Enrico Vassallo, the Italian chief executive of bus maker Optare, said the industry and politicians needed to collaborate to reduce the manufacturing cost and make the green technology an attractive and competitive alternative to diesel.
“Electric buses represent less than one per cent of the total market,” he said. “The technology is still too expensive due to the fact that the volumes are low to absorb the high cost of investment.”
He added: “The game we all need to play as operators, manufacturers, local authorities and politicians is to invest in the business, try to give more stability and more vision to the business to keep it successful and competitive in terms of prices.”

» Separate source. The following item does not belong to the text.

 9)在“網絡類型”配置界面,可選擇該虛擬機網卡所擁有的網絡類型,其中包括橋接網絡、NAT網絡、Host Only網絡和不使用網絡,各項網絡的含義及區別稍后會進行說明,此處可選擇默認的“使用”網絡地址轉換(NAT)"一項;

The company, which is based in Sherburn-in-Elmet, makes diesel, electric and hybrid vehicles for companies including First Group, Stagecoach and Transport for London. Mr Vassallo believes the next decade will be critical in determining how widely the technology is adopted across the UK. He said: “From a purely operational point of view, what we are proving is that the cost of running electric buses is cheaper than running diesel over four or five years. The downside is the price you have to pay in the beginning is double the price of a diesel bus. It would be a breakthrough to keep the technology cheaper, viable and competitive.”
Another key factor is the maintenance cost of electric buses. “Electrical components are more reliable than the springs and bolts of the diesel one,” Mr Vassallo said. “In terms of maintenance, electric is cheaper but the technology is more sophisticated.”
Optare recently delivered a £1.5m fleet of six electric buses to the Poppleton Bar park and ride site in York, operated by First Group. It is in the process of making a further six for another park and ride site in the city. It is also responsible for the vehicles’ maintenance. One particular target market is double decker buses, which make up about 40 per cent of the market.